--- Source material ---
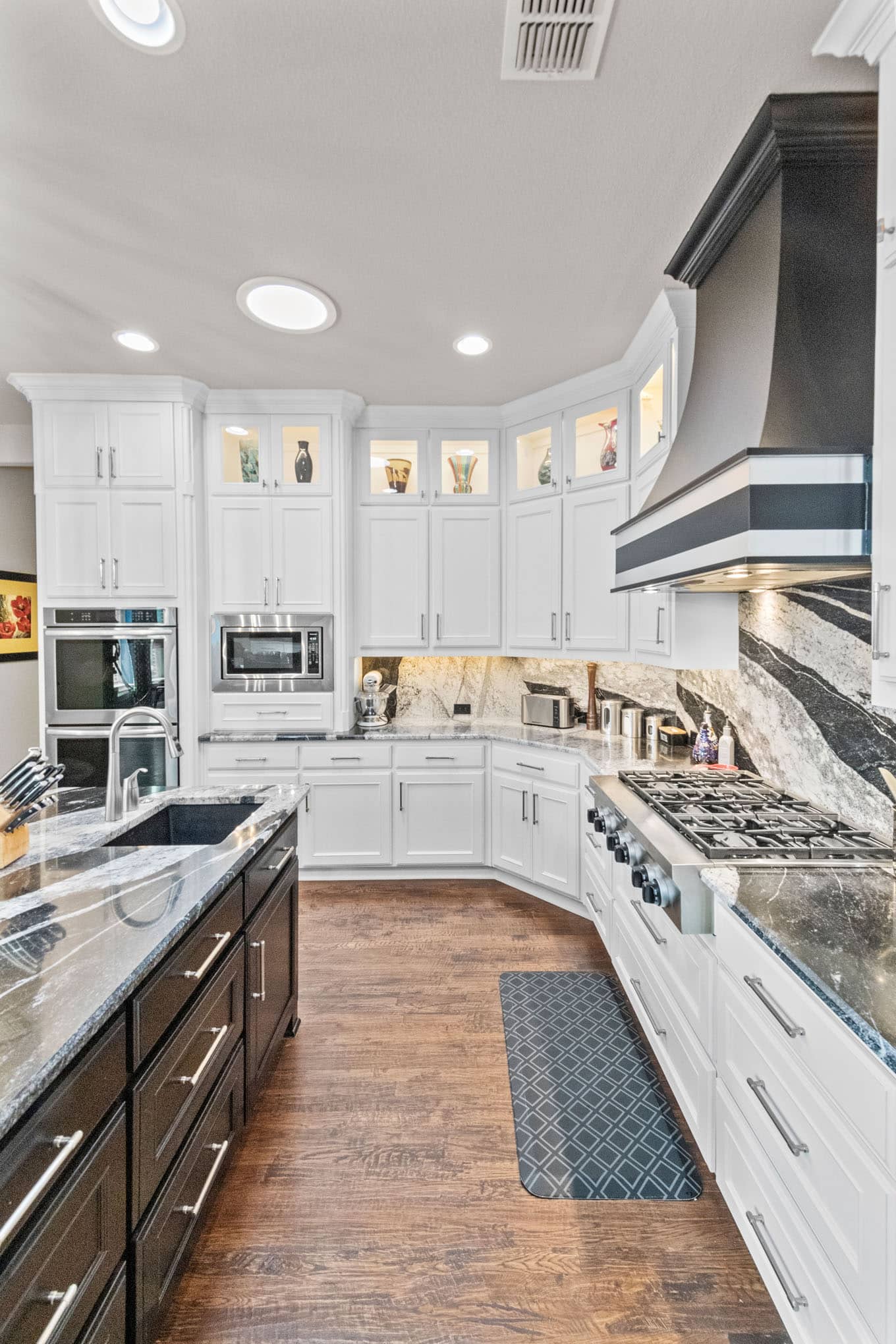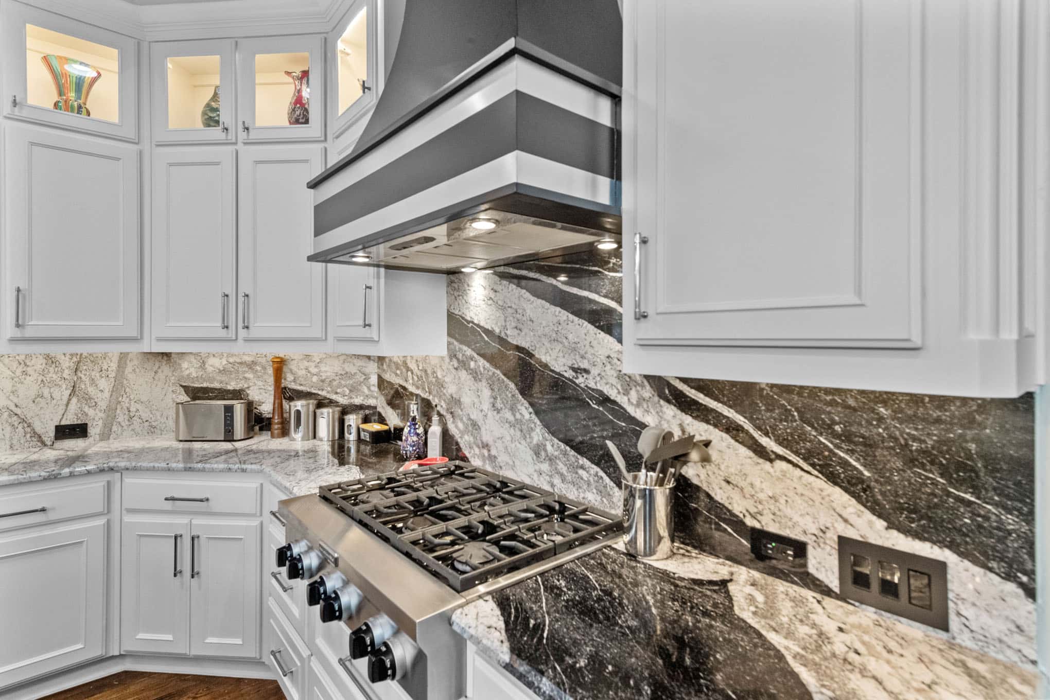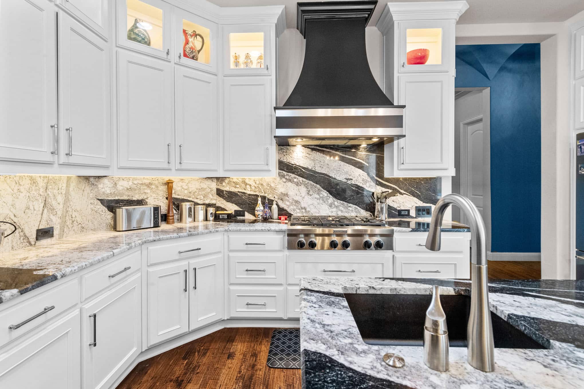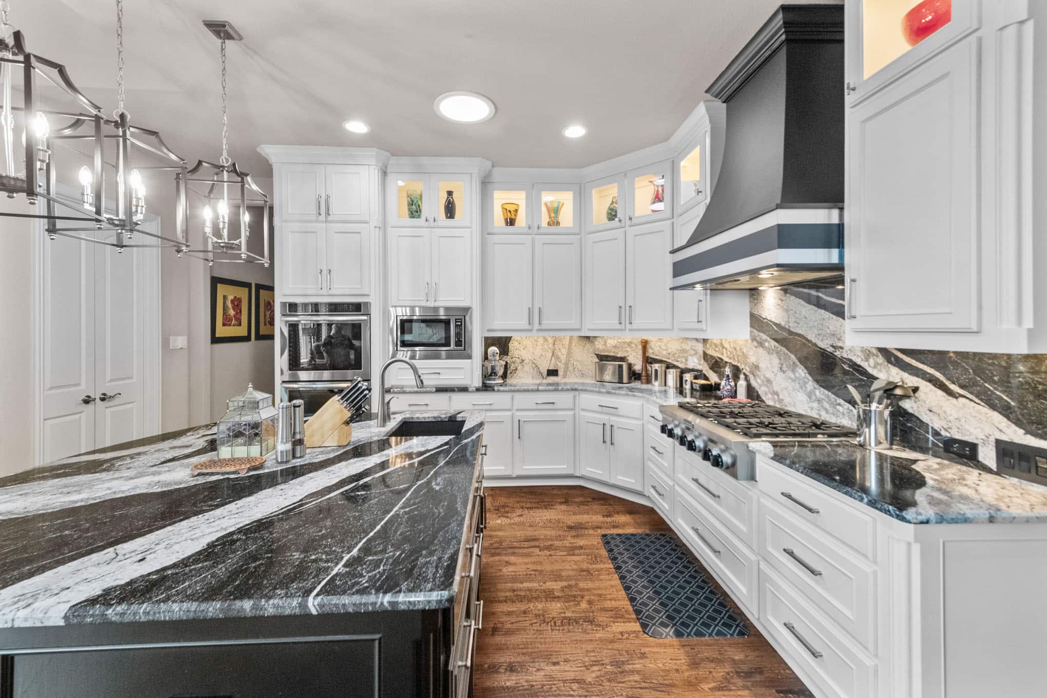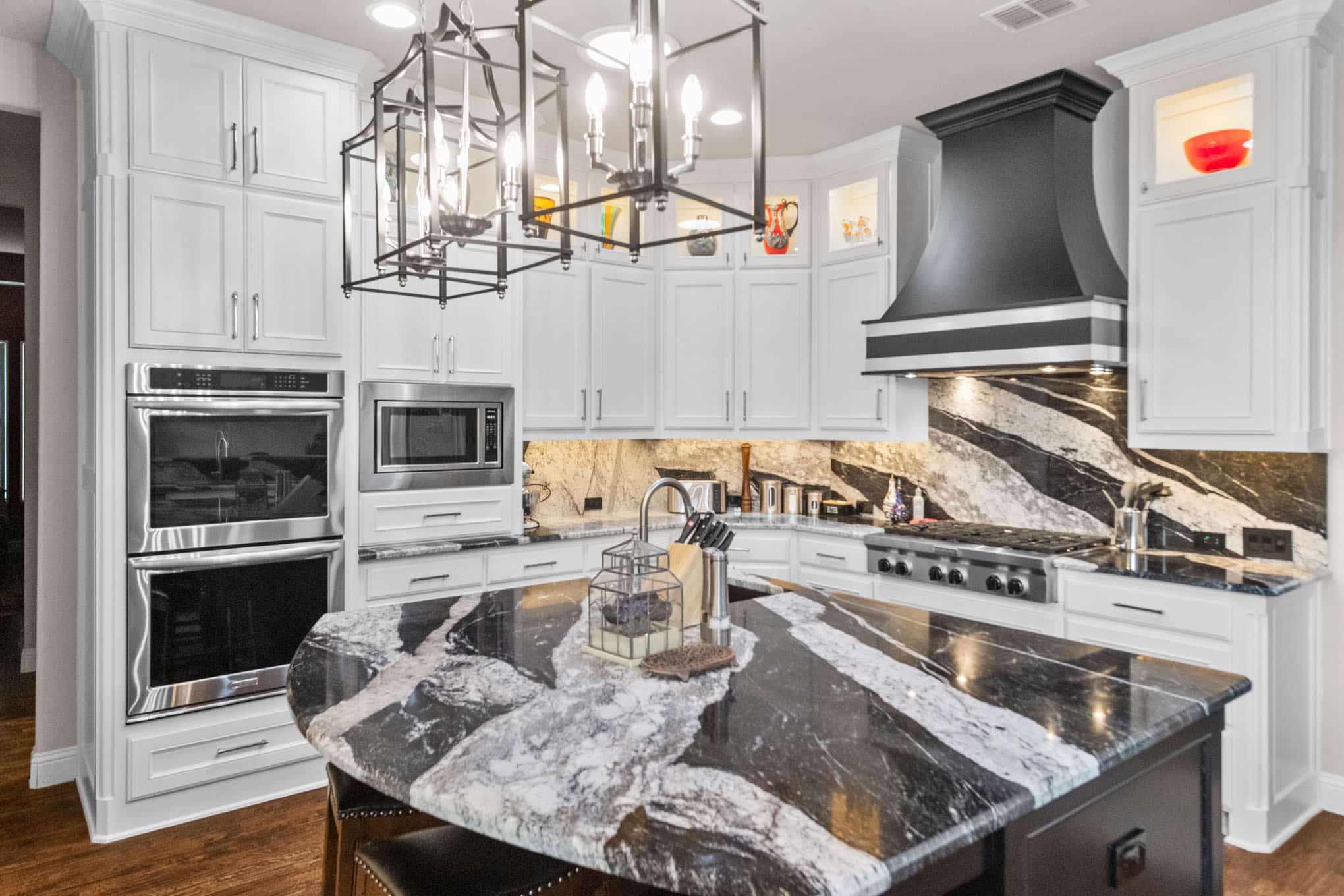 This striking kitchen renovation in Frisco makes a bold statement with its dramatic black and white color palette. Crisp white cabinetry with clean lines creates a bright, airy foundation, while the spectacular black granite countertops and backsplash with dramatic veining serve as the showstopping focal point. The custom black range hood with polished chrome accents bridges these contrasting elements beautifully.
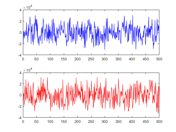 Figure 4 below shows the snapshot (500 samples) of real IQ signals received from a GPS satellite. As can be seen in figure 4 below, the I and Q channel only show noises instead of rectangular signal containing navigation messages (shown in figure 2). The sampling rate at the receiver is 10 MHz, meaning a total of 10 million IQ samples are captured every one second.
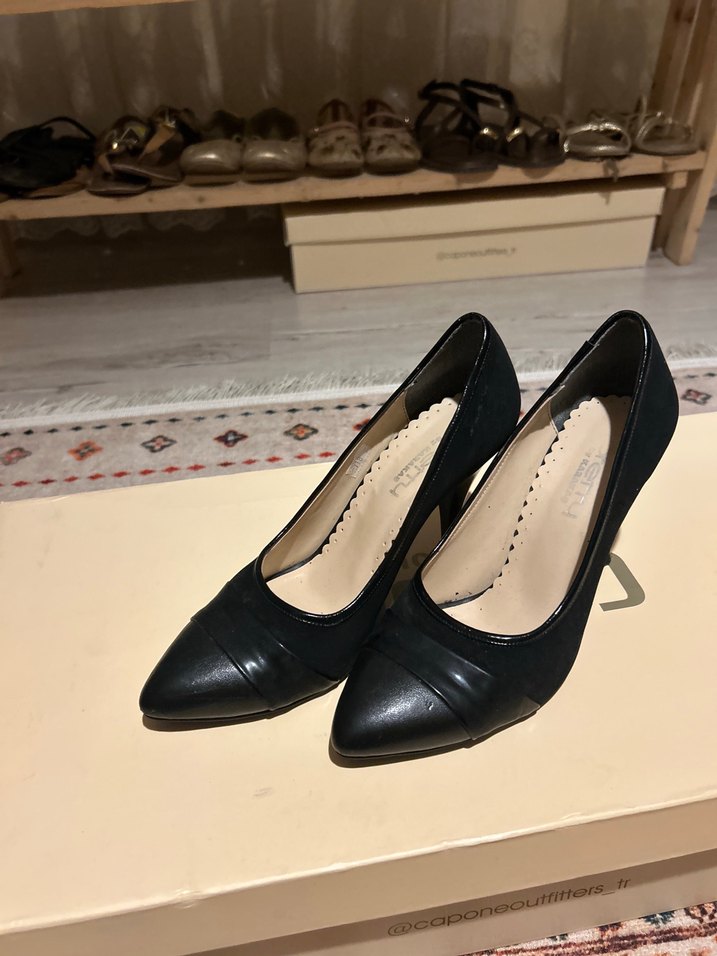 Siyah renkte, pileli detaylı, kauçuk malzemeden yapılmış stiletto topuklu ayakkabı. Modern klasik tarzda, ofis kullanımı için uygundur. Desensiz ve şık.
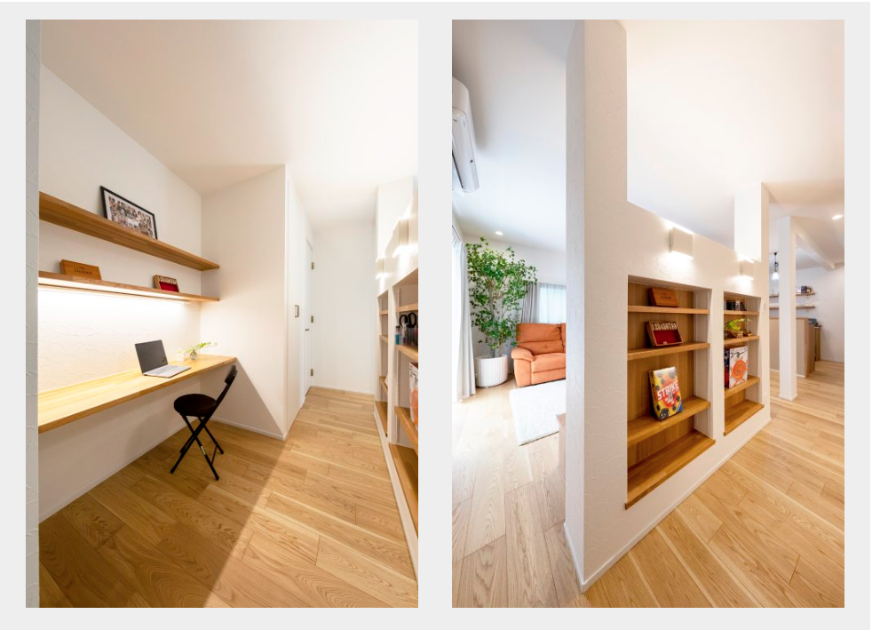 全面リフォームしました。お子様の将来を見据え夫婦の仕事スペースだけでなく、勉強スペースとしてデスクカウンターと収納棚を造作しました。半独立型なので、勉強や仕事に集中して取り組める空間になっています。
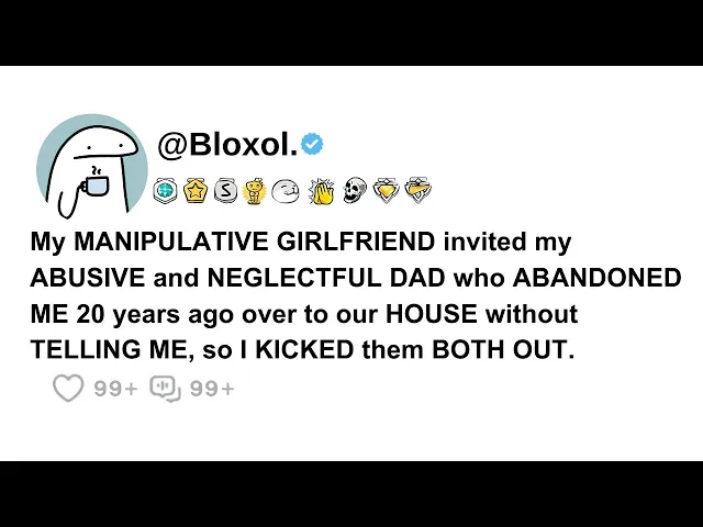 my manipulative girlfriend invited my abusive and neglectful dad who abandoned Emy 20 years ago over to our house without telling me so I kicked them both out my girlfriend and I have been together for a year and a half and when she first found out that none of my family have contact with me she freaked out she comes from a very big and close family so I can definitely understand why it must be confusing for her but what I could never understand are her desperate and never-ending attempts to get me back in touch with my
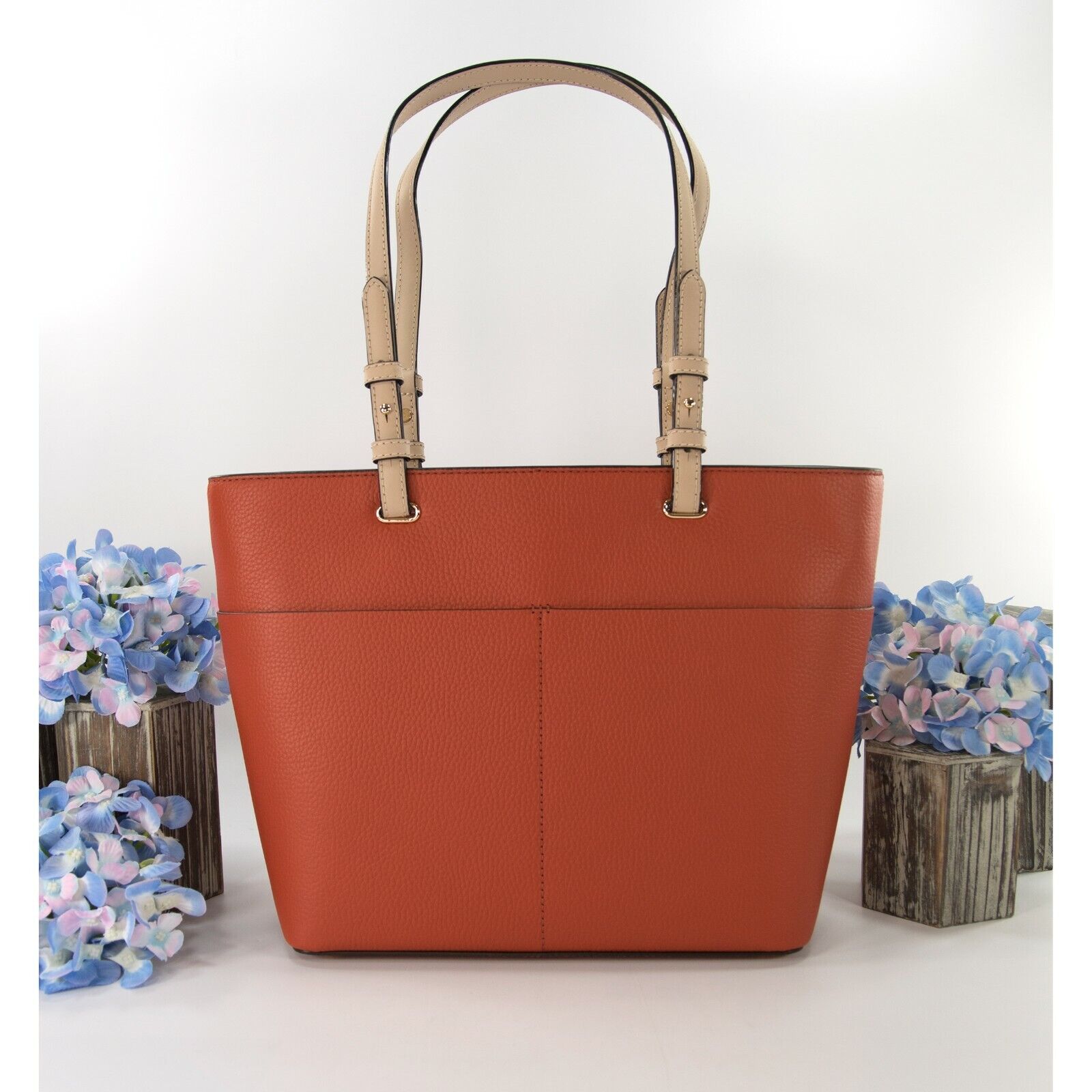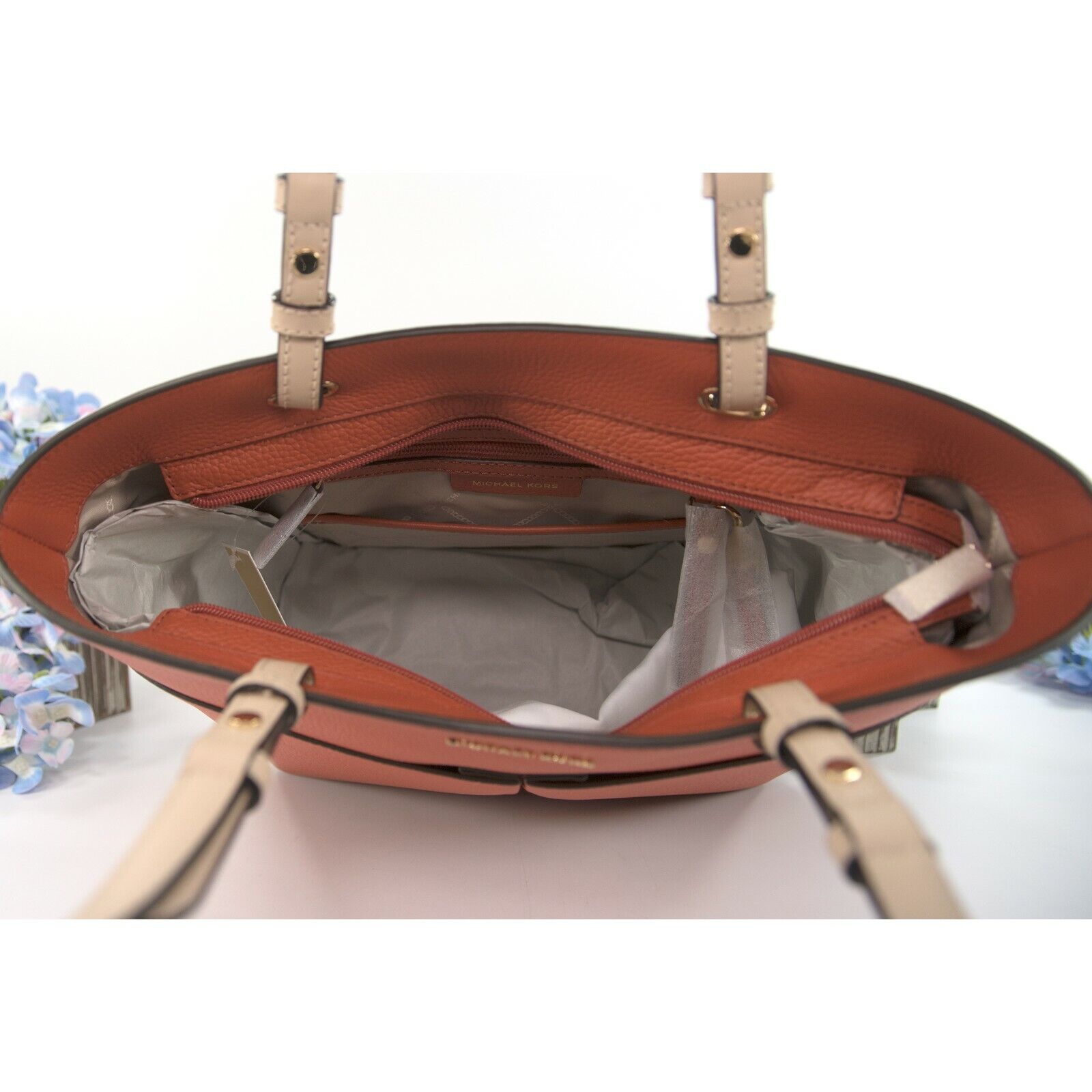Michael Kors Orange Spice Leather East West Top Zip Pocket Tote Bag NWT
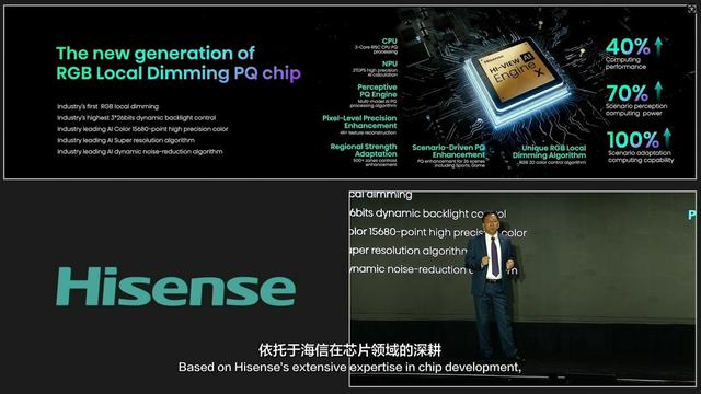 时隔多年,海信依托在芯片领域和AI领域的深耕,终于通过全球首颗RGB光色同控画质芯片和全球领先的高性能RGB-Mini LED 芯片解决了RGB LED在液晶显示中的应用难题。
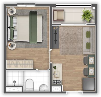 📐 Apartamento de 1 Dormitório com varanda — compacto e funcional
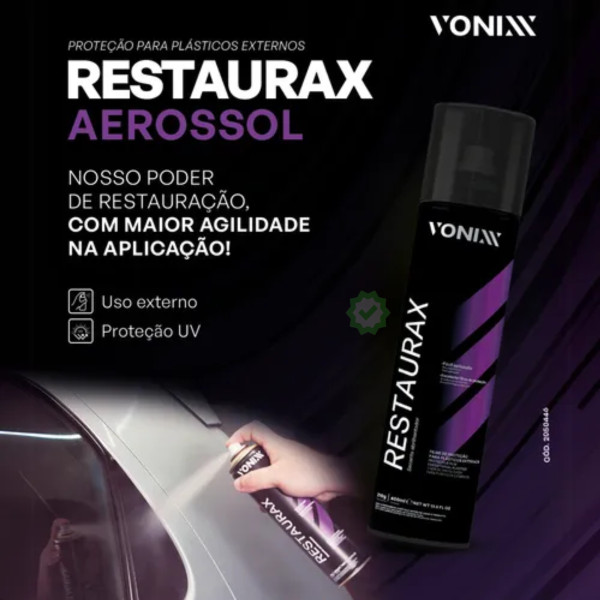 Agora disponível na versão em spray, o RESTAURAX Aerossol 400ml oferece a mesma alta qualidade e desempenho, ideal para restaurar e proteger superfícies plásticas como para-choques, painéis e laterais de portas. Sua fórmula especial proporciona brilho intenso e proteção duradoura contra os efeitos do tempo. Junto com o Aplicador de Espuma Vonixx, o produto garante aplicação uniforme e eficiente.
---
- Task to carry out
Only the lines from the one containing "my manipulative girlfriend" through the last line of the entries belong in the answer, given again exactly. Images stay out.

- Response
 my manipulative girlfriend invited my abusive and neglectful dad who abandoned Emy 20 years ago over to our house without telling me so I kicked them both out my girlfriend and I have been together for a year and a half and when she first found out that none of my family have contact with me she freaked out she comes from a very big and close family so I can definitely understand why it must be confusing for her but what I could never understand are her desperate and never-ending attempts to get me back in touch with my
Michael Kors Orange Spice Leather East West Top Zip Pocket Tote Bag NWT
 时隔多年,海信依托在芯片领域和AI领域的深耕,终于通过全球首颗RGB光色同控画质芯片和全球领先的高性能RGB-Mini LED 芯片解决了RGB LED在液晶显示中的应用难题。
 📐 Apartamento de 1 Dormitório com varanda — compacto e funcional
 Agora disponível na versão em spray, o RESTAURAX Aerossol 400ml oferece a mesma alta qualidade e desempenho, ideal para restaurar e proteger superfícies plásticas como para-choques, painéis e laterais de portas. Sua fórmula especial proporciona brilho intenso e proteção duradoura contra os efeitos do tempo. Junto com o Aplicador de Espuma Vonixx, o produto garante aplicação uniforme e eficiente.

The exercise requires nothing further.